Return exactly, please, the line that contains "С Пушкиным вошёл" and every line after it through the end of the material that follows, leaving pictures aside.

§ EXERCISE DATA:
##########

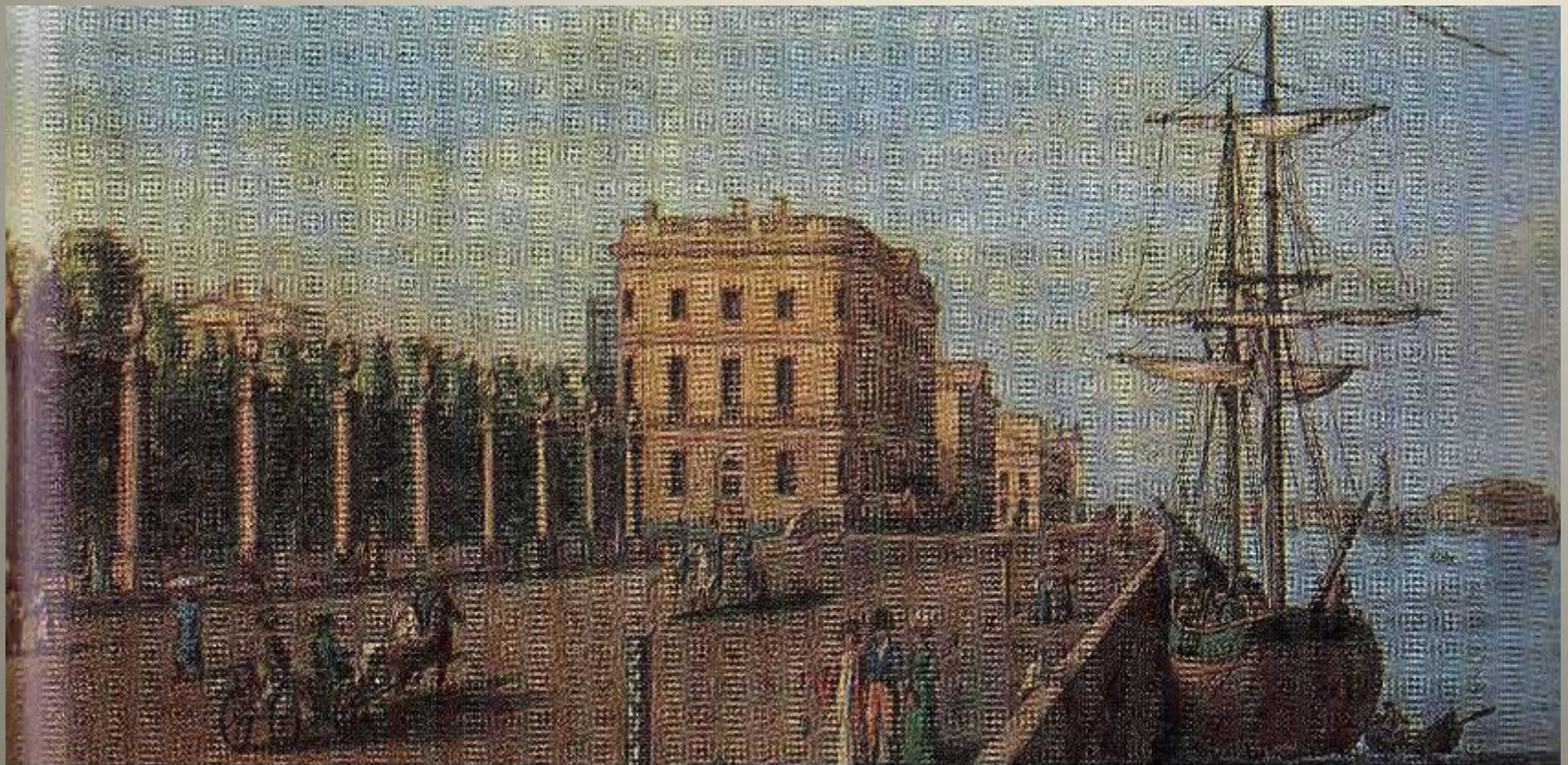
Набережная Невы у Летнего сада. Раскрашенная литография. 1820-е гг.

С Пушкиным вошёл в отечественную литературу и новый герой, сразу ставший одним из самых значительных её героев, - город Петербург, город с императорским двором, парадами, чиновными особами и обывателями.
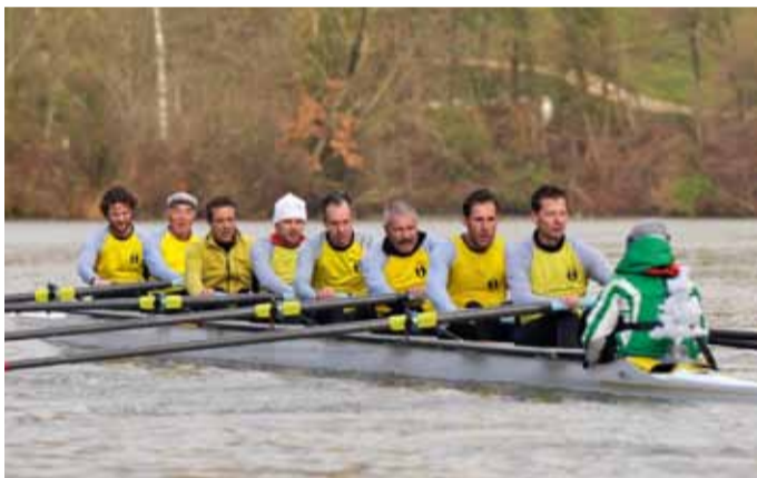
RC Hallwilersee Sunset-Team

##########

§ EXERCISE RESULT:
С Пушкиным вошёл в отечественную литературу и новый герой, сразу ставший одним из самых значительных её героев, - город Петербург, город с императорским двором, парадами, чиновными особами и обывателями.
RC Hallwilersee Sunset-Team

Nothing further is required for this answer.